Добавить в цитаты Настройки чтения

Страница 36 из 42



Вдовин вошел и увидел, что камера пуста. Через зарешеченное окно под самым потолком, закрытое металлическим козырьком, едва пробивался дневной свет.

— Ждите здесь, — сказал бритоголовый и направился к двери.

— Что все это значит? — остановил его Вдовин.

— Не могу знать, — равнодушно ответил бритоголовый. — Мне приказали привести вас сюда!

— Кто приказал? — спросил Вдовин.

— Это не ваше дело! — грубо ответил бритоголовый и вышел из камеры.

Дверь захлопнулась. Лязгнул засов. Наступила тишина.

Вдовин сел на голые нары и стал ждать…

Так навсегда и осталось тайной, о чем думал Иван Вдовин, оказавшись в камере внутренней тюрьмы.

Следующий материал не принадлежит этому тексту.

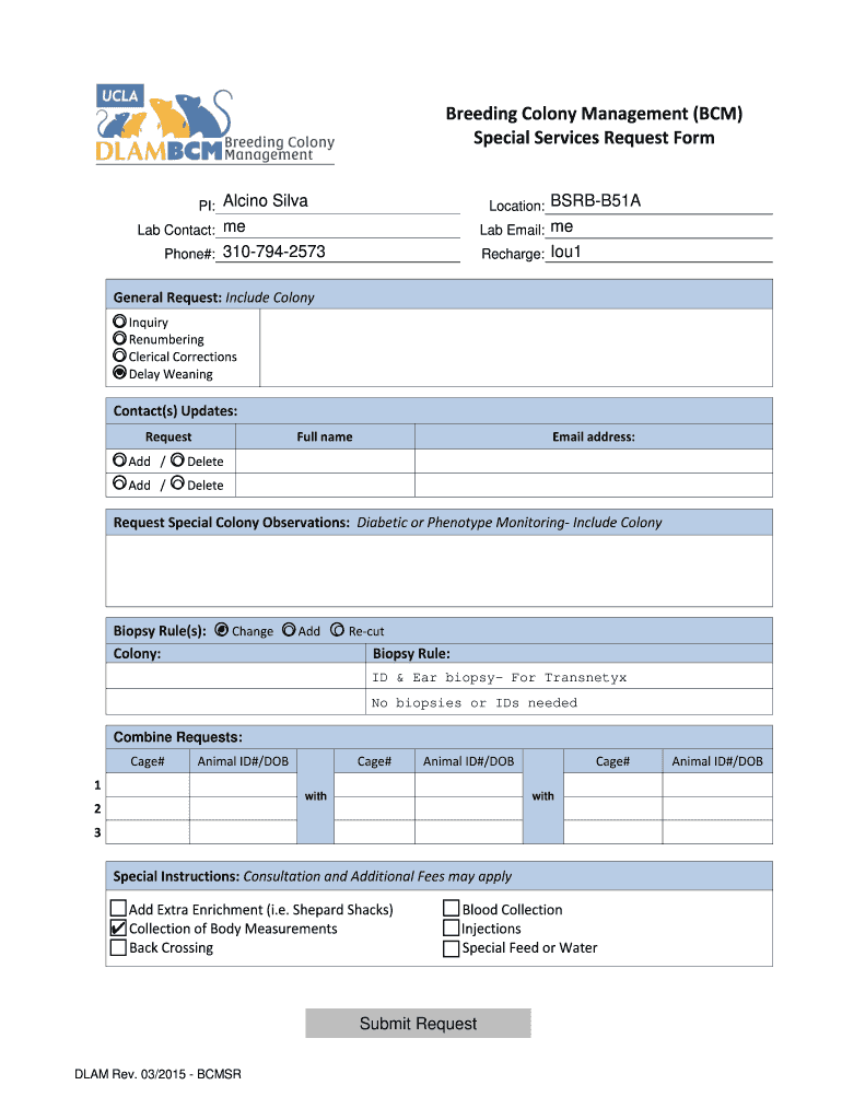 Breeding Colony Management (BCM) Special Services Request Form Albino Silva Lab Contact: me Phone#: 3107942573 BSRBB51A Lab Email: me Recharge: Iou1 PI: Location: General Request: Include Colony Inquiry

Понял ли он, что фактически его арестовали и ему уже никогда не выйти отсюда, как не вышли отсюда тысячи его арестованных товарищей? Возможно, он понял это, возможно, нет, но одно можно утверждать наверняка: когда захлопнулась дверь камеры и он сел на нары, первое, что он сделал, — многократно прокрутил в своей памяти все события последнего часа, начиная с того момента, как он заметил на перроне вокзала двух сотрудников госбезопасности, и до того, как его привели сюда.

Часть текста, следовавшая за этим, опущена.